Die konkreten Vereinbarungen des geleakten Dokuments belasten Guaidó und seine Unterstützer nun aber massiv. So planten die US-Söldner, im Zuge einer Machtübernahme auch mit den Sondereinheiten (Fuerzas de Acciones Especiales, FAES) sowie weiteren Sicherheitsbehörden zusammenzuarbeiten. Dabei hatte ausgerechnet die Opposition um Guaidó die FAES mehrfach als Todesschwadron bezeichnet.

In einem anderen Teil des Vertrags ließ sich Silvercorp von Guaidó den Einsatz von Antipersonenminen des Typs Claymore M18A1 zusichern. Der Einsatz dieser Waffen ist durch die Ottawa-Konvention geächtet, die Venezuela unterzeichnet und ratifiziert hat.

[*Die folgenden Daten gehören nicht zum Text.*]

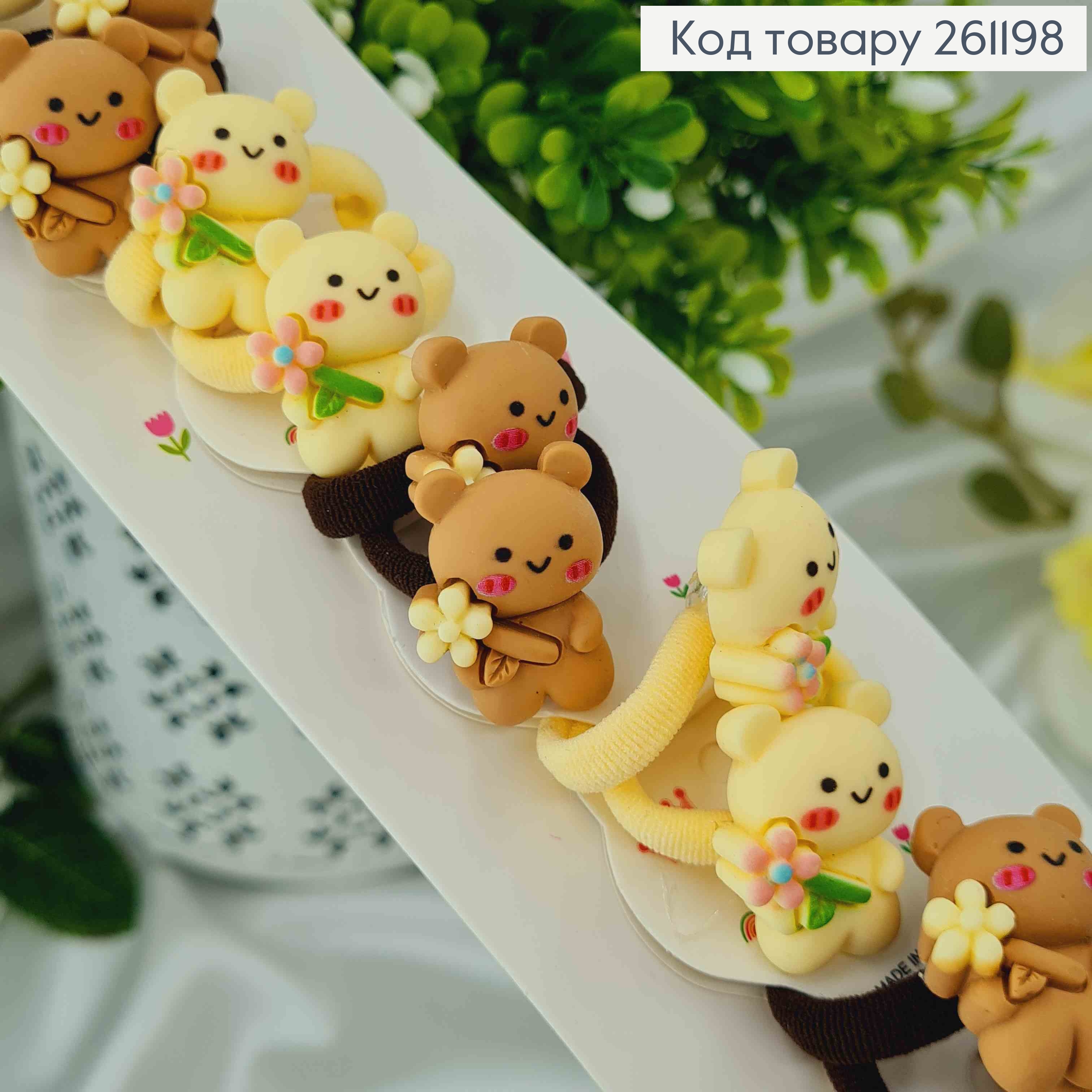 Набор детских резинок "Мишка с цветами" в коричневых тонах, 20 шт/наб.

Der nun veröffentliche Putschvertrag sicherte der Söldnertruppe auch den Einsatz "tödlicher Gewalt zum Schutz designierter Personen und Militärs" zu. Detaillierte Informationen enthält der Kontrakt zudem zu den Zahlungsmodalitäten. Sollte die neu inthronisierte Staatsführung nicht liquide sein, könne sie Silvercorp auch mit venezolanischem Erdöl bezahlen, heißt es an der entsprechenden Stelle.

Der US-Journalist Adam Housley berichtete indes auf Twitter über die im bayerischen Schweinfurt lebende Ehefrau von einem der inhaftierten US-Söldner, Airan Berry. "Meine Tochter, mein Sohn und ich waren glücklich, meinen Mann im venezolanischen Fernsehen relativ unversehrt zu sehen", zitiert er Melanie Berry. Ihre Hauptsorge sei nun, dass er weiterhin menschlich behandelt wird, während er sich in Venezuela aufhält.

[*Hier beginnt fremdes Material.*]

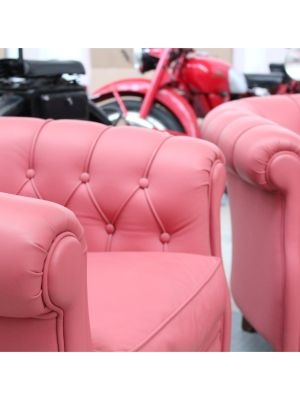 Modello: Chester Club / Impossibile non notarle: queste due poltroncine Chester Club in versione rosa shocking sembrano uscite da un sogno pop anni Duemila. Con la loro linea ispirata al classico Chesterfield inglese, reinterpretano leleganza daltri tempi in chiave ironica e contemporanea, senza perdere nulla del loro spirito vintage.

Airan Berry lebt seit Jahren in Schweinfurt. In Deutschland war er offenbar auch mit einem weiteren nun in Venezuela inhaftierten US-Militär, Luke Denman, und Goudreau zusammengekommen. Berry und Denman waren bei den US-Truppen in Deutschland stationiert.

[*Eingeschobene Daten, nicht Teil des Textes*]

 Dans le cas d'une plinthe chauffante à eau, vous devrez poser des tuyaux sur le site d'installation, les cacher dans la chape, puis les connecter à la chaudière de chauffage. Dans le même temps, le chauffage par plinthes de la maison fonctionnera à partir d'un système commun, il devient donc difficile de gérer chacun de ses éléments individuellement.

Berrys Ehefrau führt ein Einrichtungsgeschäft in Schweinfurt, gemeinsam mit ihrer Mutter Jutta Schmid, einer Lokalpolitikerin der CSU. Bei den Lokalwahlen im März hatte Schmid für den Stadtrat in Schweinfurt auf Platz 24 kandidiert.

Beachtlich sind auch die Festnahmen in der ehemaligen Deutschensiedlung Colonia Tovar, deren Vertreter über gute Kontakte zu konservativen Parteien in Deutschland verfügen. 2016 hatten Vertreter des inzwischen weitgehend unbedeutenden Oppositionsbündnisses Tisch der demokratischen Einheit (Mesa de la Unidad Democrática, MUD) Deutschland besucht, um politische Unterstützung zu mobilisieren. Die Visite, die von der CDU-nahen Konrad-Adenauer-Stiftung und dem CDU-Bundestagsabgeordneten Peter Weiss organisiert worden war, diente auch der Pflege der Kontakte zur Colonia Tovar. Die sechs Abgeordneten der venezolanischen Nationalversammlung waren offiziell in erster Linie wegen der historischen Beziehungen der Stadt Endingen zur Colonia Tovar nach Deutschland gekommen. Der Gruppe gehörten Marialbert Barrios, Iván Stalin Gonzalez, Freddy Guevara, Juan Miguel Matheus, Angel Medina und Miguel Pizarro an. Sie alle sind bis heute aktive Gegner der Regierung Maduro.